第8話 コルデリア

 高価な装飾を施されたテーブルや椅子に東方の絨毯。

 豪華なシャンデリア。

 王宮の王子の間であった。

 

 そこに今二人の人間がいる。

 エリン王国の第二王子ショーンと、キングストン公爵家の次女コルデリアであった。

 

「今日も綺麗だね、コルデリア」

「まぁお上手ですわね、殿下」

 コルデリアは艶やかに笑う。


「いやいや、僕は君と婚約できて、本当に良かったと思ってるんだよ」

「あらあら、お姉さまにも同じ事をおっしゃってたんでしょう?」


 ショーンは顔をしかめて言った。


「とんでもない、父上の命令だ。彼女が聖女だったから、それだけさ」

「ではお姉さまには未練はないと?」

「当然だよ」

「それを聞いて安心しましたわ」


 コルデリアの本心はもちろんこんな殊勝なものではない。

 ショーンは魔力はともかく、武勇も政治力も平凡だとの評価だった。

 とりたてて才気にあふれているとか、民の信望が厚いといった事もない。


 さらには敵国だったアングル王国の姫との間の子というので、密かに宮廷で敬遠されていた。

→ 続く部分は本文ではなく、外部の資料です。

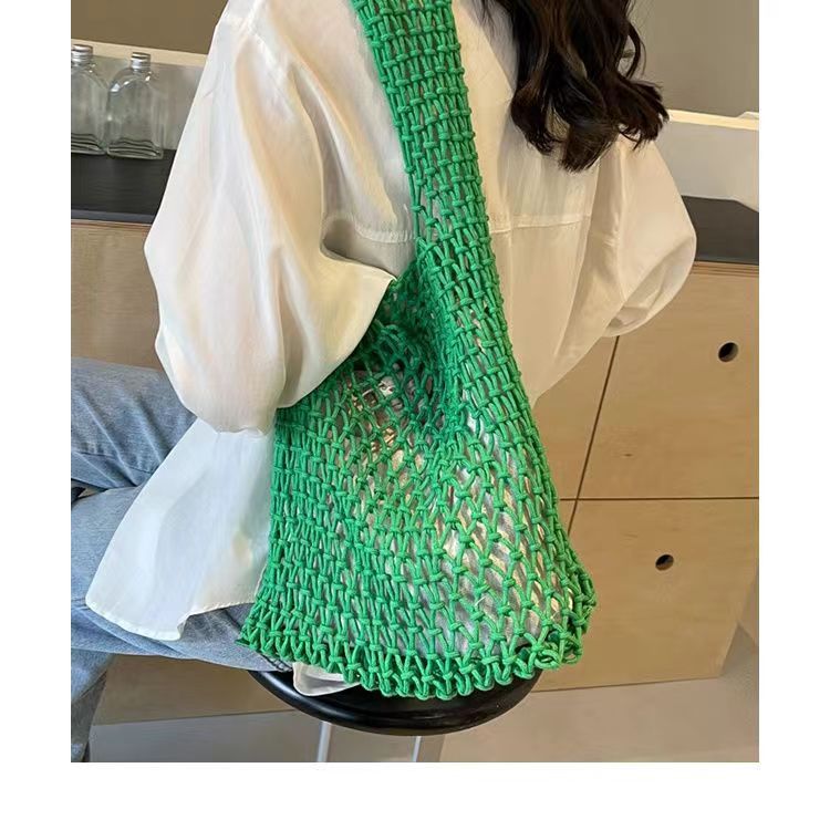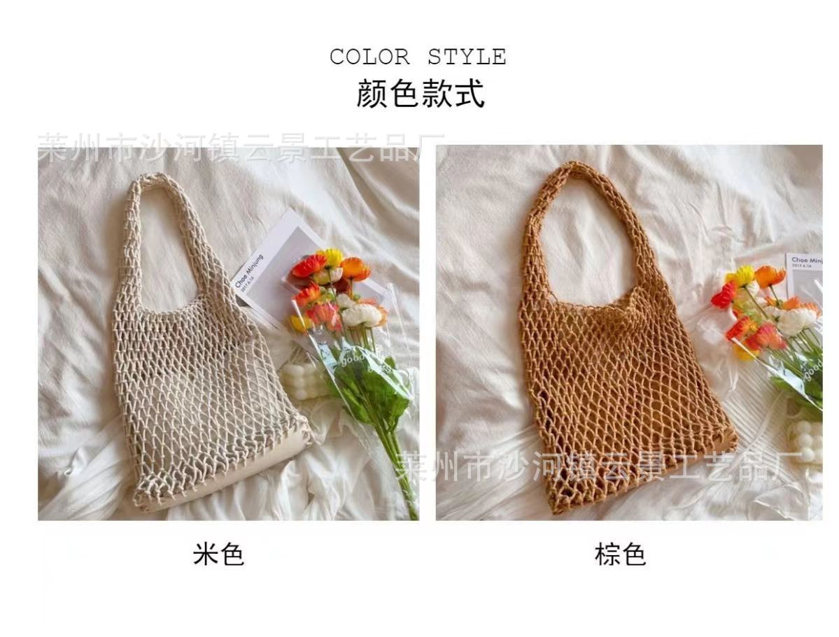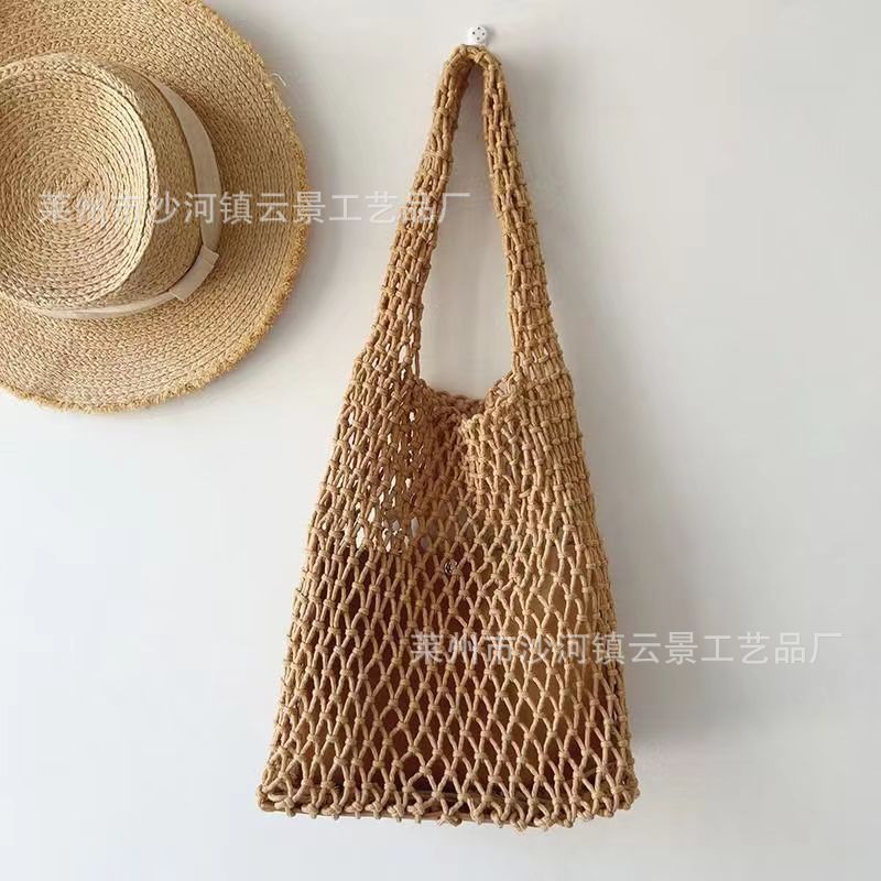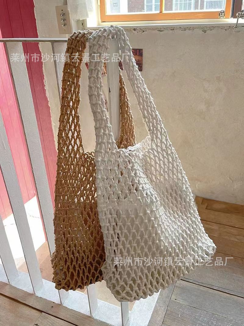새로운 순수 수제 목가적 인 스타일 프랑스 밀짚 가방 중공 메쉬 포켓 짠 가방 해변 해변 가방 레저스토어 가기
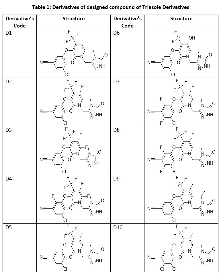 Table 1: Derivativesofdesignedcompound of Triazole DerivativesClick here to view Table |
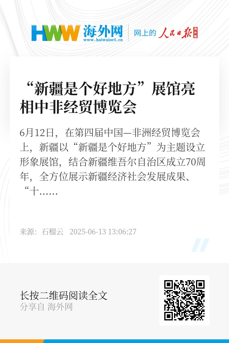 6月12日,在第四届中国—非洲经贸博览会上,新疆以“新疆是个好地方”为主题设立形象展馆,结合新疆维吾尔自治区成立70周年,全方位展示新疆经济社会发展成果、“十大产业集群”建设成果、中国(新疆)自由贸易试验区、对非洲经贸成果和重点对外合作项目等。
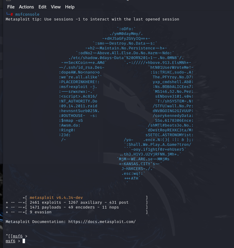 ①启动Metasploit软件,可根据个人喜好使用msfconsole、msfgui、msfweb之一;
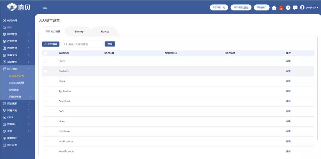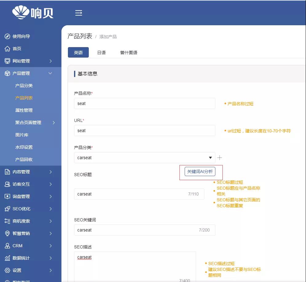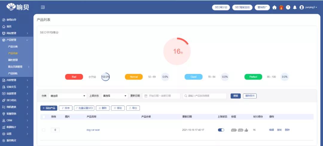 在響貝智慧營銷云站,產(chǎn)品列表首頁,還會對SEO進行評分。
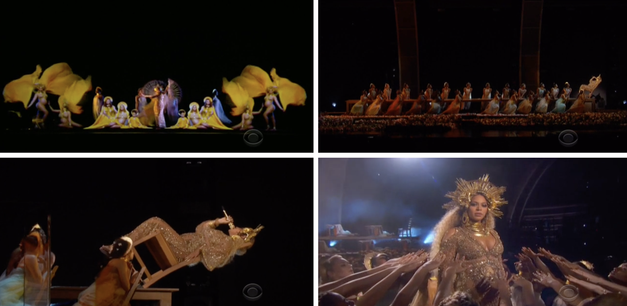 Following an intro from Ms. Tina, she chose to sing two never-performed ones, “Love Drought” and “Sandcastles.” As had also been true of “6 Inch”/“Haunted”/“All Night” at that Tidal event four months prior, there was first a prologue that saw her perform alongside a screen-projected version of herself and her dancers, though she was joined this time by projected versions of her mother and daughter, too. Together, the three generations invoked several bits of religious and spiritual iconography, drawing on some of the same references that had inspired both Lemonade and Beyoncé’s pregnancy shoot.
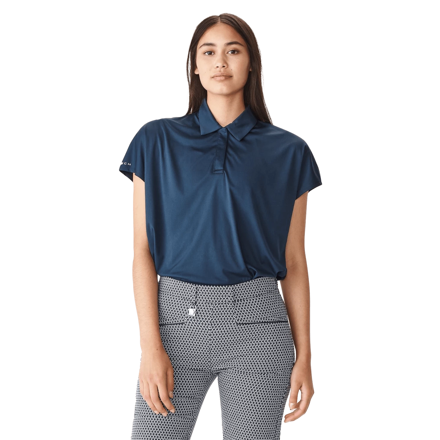 A new design for Rohnisch, the Corinne takes its influence from the Active/Gym range with a loose fit, cap-sleeve design. The Corinne Golf Polo Shirt is made of 100% recycled Polyester with a double Jersey UPF50+. This Golf Polo Shirt is an essential for Summer Golf.
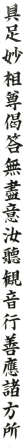 妙相を具足したまえる尊は 偈をもって無尽意に答えたまわく 汝 観音の行の 善く諸(もろもろ)の方所に応ずるを聴け |
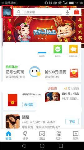 1)首先我们打开【应用宝】的界面,打开后点击左上角的【头像图标】,打开之后接着点击右上角的【图标】。(如下图)
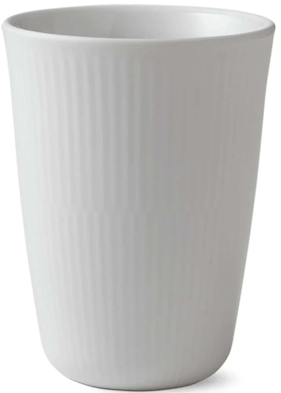 Die Tassen sind von hergestellt und gehören zur Serie „Weiß Gerippt“. Die Tassen haben Größen von 26 cl bis 39 cl. Die Tassen sind aus Porzellan gefertigt und halten alle der Spülmaschine und der Mikrowelle stand.
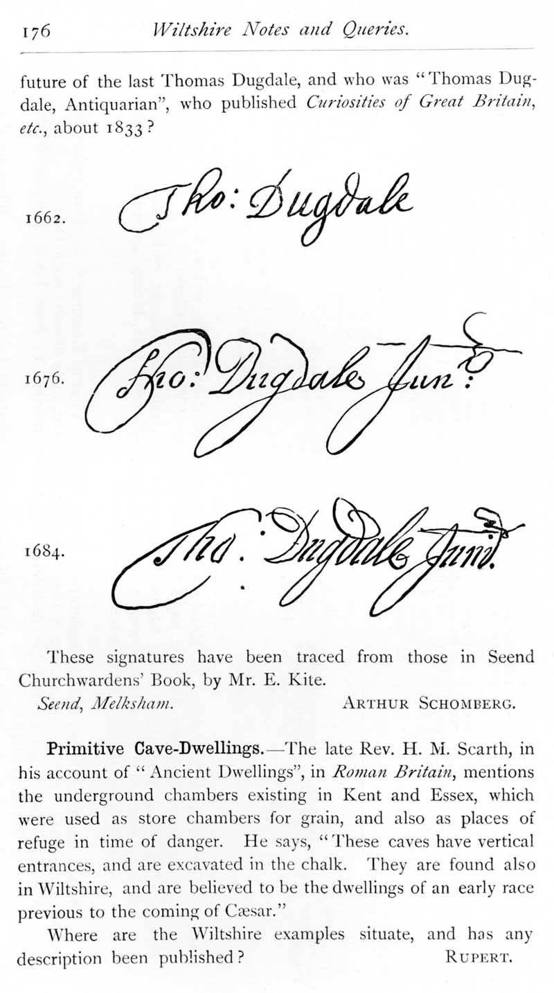 Page 31 Pedigree of Dugdale of Wiltshire. Primitive cave-dwellings in Wiltshire.
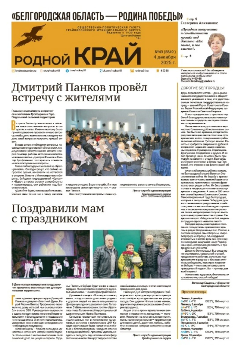 Газета «Родной край» №49 от 4 декабря 2025 года
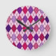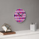 This wall clock has an art deco design of diamond shapes made from overlapping angles in black lines colored in shades of purple and pink with diagonal black lines making the design look like argyle
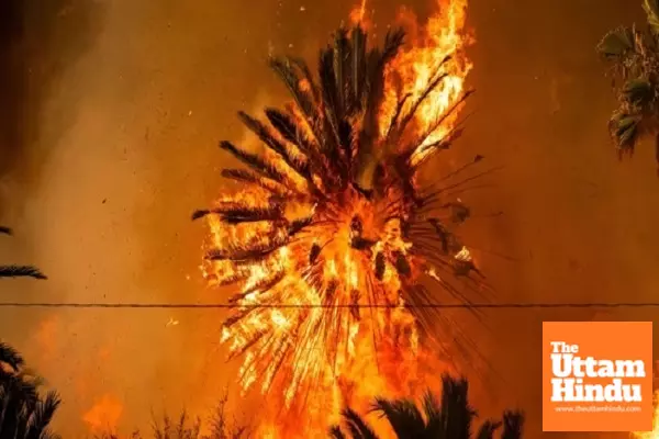 Los Angeles (The Uttam Hindu): A massive wildfire in Los Angeles has forced thousands of residents to evacuate their homes as the blaze spreads rapidly across multiple areas. Firefighters are working tirelessly to control the fire, which has already led to the evacuation of 30,000 people. The fire is particularly severe in the foothills of Pacific Palisades, a neighborhood home to several celebrities. Emergency services are assisting in relocating residents to safer areas.
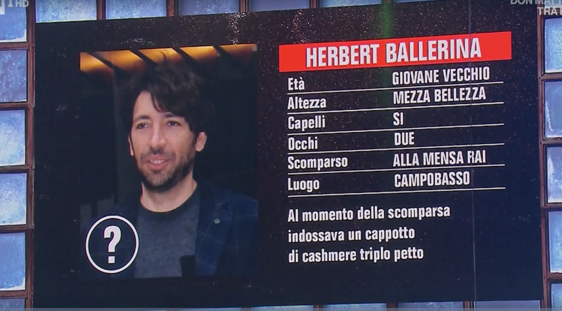 “Allora, amici Herbert, sapete che sono giorni che non si trova? Abbiamo qualche piccola segnalazione, alcune segnalazioni false anche sono arrivate in redazione. Stiamo facendo fatica a ritrovarlo. Stamattina qualcuno ha chiamato in redazione dicendo che è stato avvistato a bordo di un motoscafo in acque internazionali. Io non so, io non so, spero sia uno scambio di persone. Le ricerche sono avviate… Torna a breve, torna a breve“, ha concluso il siparietto ironico De Martino, lasciando trapelare il fatto che presto tornerà in trasmissione.
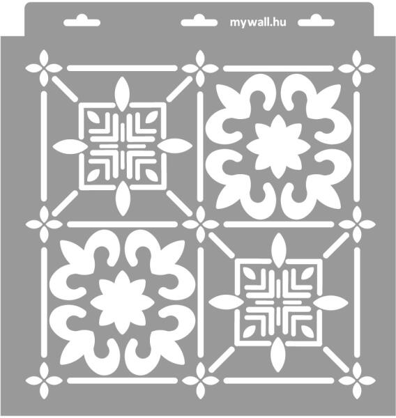 Különleges csempeminta azoknak, akik szeretnek eltérni a megszokottól. Ennek a stencilnek egyedi bája az afrikai motívumok játéka. Tartós, többször felhasználható áttetsző, rugalmas műanyag stencil. Ívelt felületekhez is használható. Felhasználói tippek: 1. Helyezd a festeni kívánt felületre a stencilt, rögzítsd maszkolószalag segítségével. 2. Kerek stencil-ecsettel
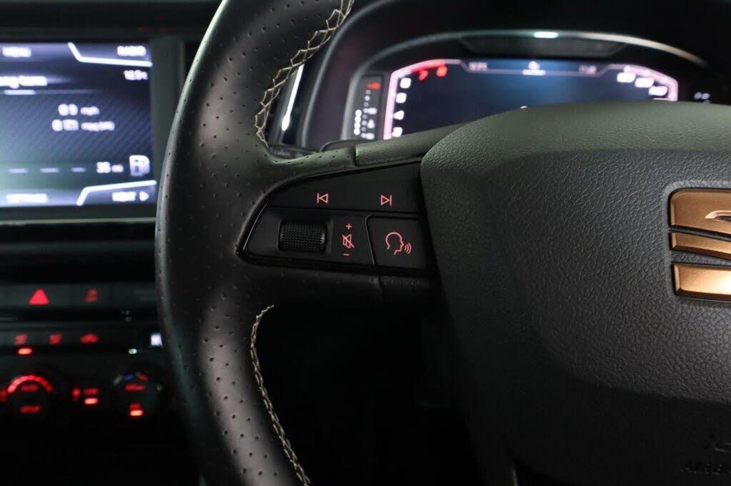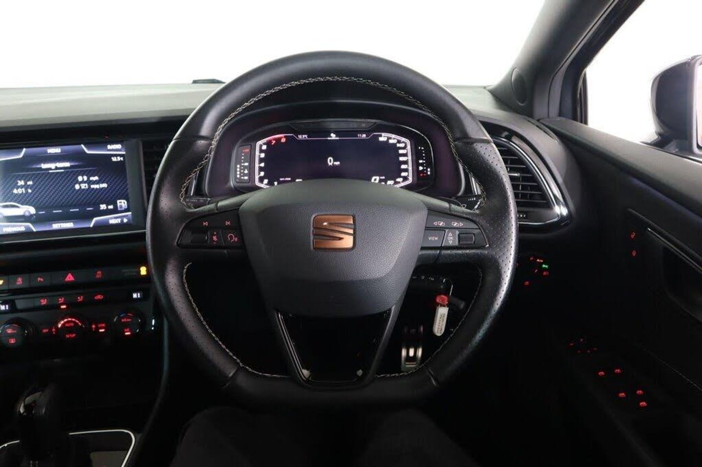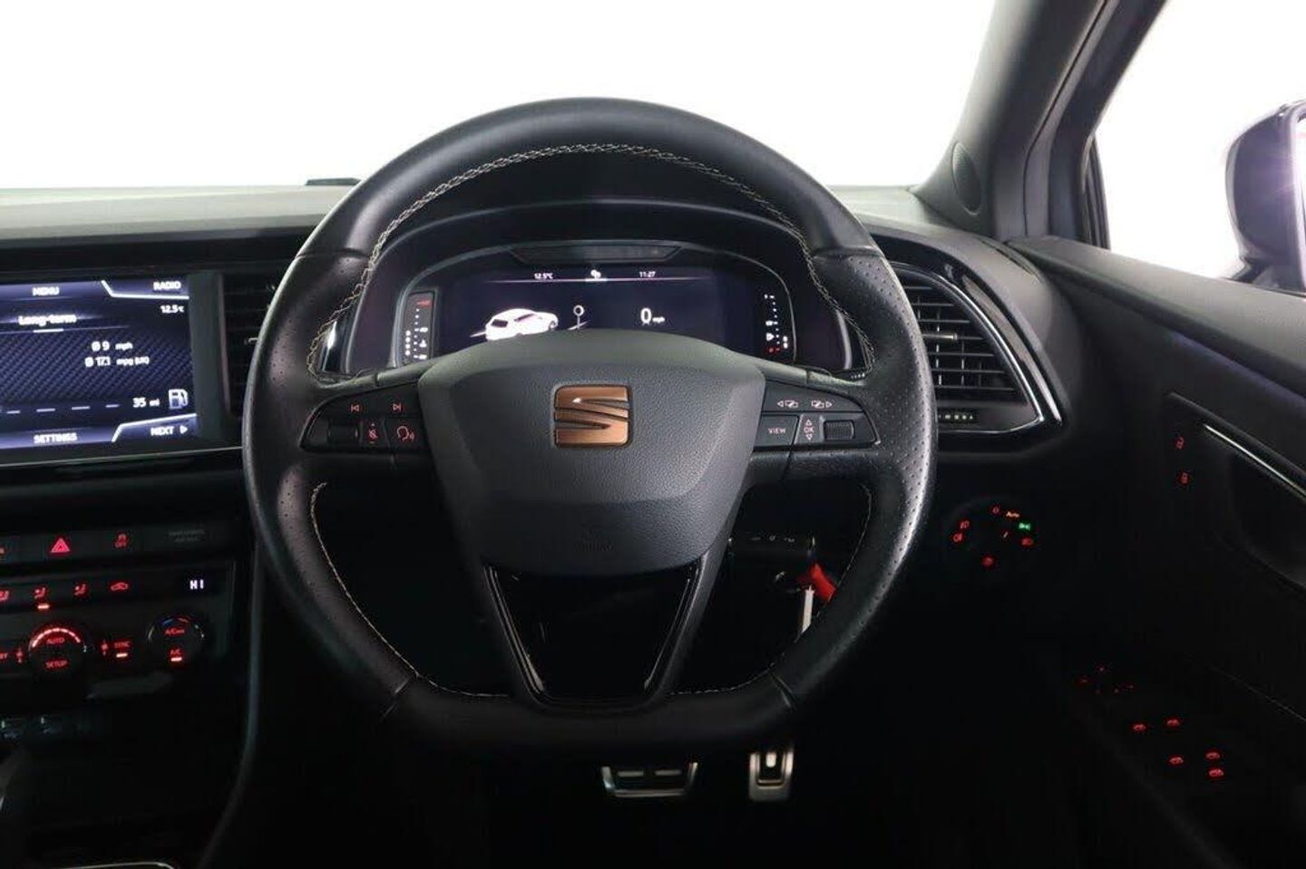12V Power Supply in Centre Console, 19in Alloy Wheels - CUPRA Machined, 7 Airbags, ABS and Traction Control System - TCS - Electronic Stability Control - ESC - and Electronic Differential Lock System - XDS, Alarm - Volumetric, Armrest - Front with Storage Compartment, Black Interior Roof Lining, Boot Storage Net, Brake Callipers - Black, Bumpers - Exclusive Cupra Front and Rear, Cargo Rings in the Boot, Convenience Pack Plus, Cruise Control, Dark Tinted Rear Windows, Digital Clock, Digital Cockpit, Driver and Passenger Seat Height Adjustment, Driver and Passenger Sunvisor with Covered and Illuminated Mirrors, Drivers Seat Lumbar Adjustment, Dual Zone Climate Control, ESC - Electronic Stability Control and Tyre Pressure Warning Light Indicator, ESC Switch-Off Key, Electric Parking Brake Including Autohold Function, Electrically Adjustable and Heated Door Mirrors, Electrically Foldable Exterior Mirrors with Parking Position and Passenger-Side Mirror with Lowering, Electro-Mechanical Progressive Power Steering, Emergency Tyre Repair Kit, Flat Bottomed-Perforated Leather Steering Wheel with White Stitching and CUPRA Logo, Front Assist with Pedestrian Protection, Front Seat Back Storage Pockets, Front and Rear Electric Windows, Front and Rear Parking Sensors, Full LED Headlights, Gearshift Indicator, Gloss Black Door Mirrors with Integrated LED Indicators, Hill Hold Control, ISOFIX Points in Outer Rear Seats with Top Tether Anchorage Points, Illuminated Aluminium Front Door Sill with CUPRA Logo, Instrument Lighting with Brightness Control, Interior CUPRA - Black, Interior Detailing - Black, LED Interior Illumination Pack, Lights Left On Warning Buzzer, Low Fuel Warning Light, Lower Suspension - 15mm, Mechanical Limited Slip Differential, Media System Plus, Multi Coloured Ambient Lighting, Multi-Collision Braking System, Navigation System, Outside Temperature Gauge, Pedals in Aluminium, RPM Counter, Radiator Grille Frame in Glossy Black, Radiator Grille in Black, Remote Central Locking with Deadlocks, SEAT Drive Profile, SEAT Full Link Smartphone Integration - Mirror Link - Apple CarPlay - Google Android Auto, Seatbelt Reminder - Front, Seats - Passenger Lumbar Adjustment, Space-Saving Spare Wheel, Split Folding Rear Seats 60-40 with Armrest, Steering Wheel-Mounted Gearshift Paddles, Storage Box Under Driver and Front Passenger Seat, Trip Computer, Two Folding Keys with Window Open-Close - Door and Boot Opening Functionality, Two Height-Adjustable Front and Rear Headrests, USB Cable for Apple and Android Compatibility, Visual Dual Exhaust Pipes
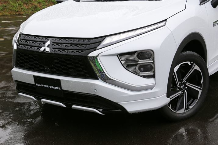新型「エクリプスクロス」のフロントフェイス。マイナーチェンジ後は、ヘッドライトの位置が「デリカD:5」や「eKクロス」などと同様、通常はフォグランプが存在する中央サイドの位置へと変更されている

 だがエリン王国の第二王子となればそんな事は問題ではない。

 

(まぁ目鼻立ちは悪くはないですけれど、いまいちぱっとしないわね)


 コルデリアがそんな事を考えているのを知ってか知らずか。


「今度の舞踏会で君を皆に紹介するのが楽しみだよ。僕の新しい婚約者がこんなに美しくて、優秀な魔術師でもあるってね」

 

 彼はいつも楽し気に二人の未来を語る。

 コルデリアに愛してるといい、贈り物も欠かさなかった。


 おそらく彼は私に夢中だ。

 コルデリアはそう思っている。

 そういう男はショーンが初めてではなかった。

 彼が自分に興味があるらしいと気づくと、彼女の方から接近した。


(もうあんな暮らしは二度と嫌!)


 コルデリアは、キングストン公爵とダンセイニ伯爵令嬢サーシャの間に私生児として生まれた。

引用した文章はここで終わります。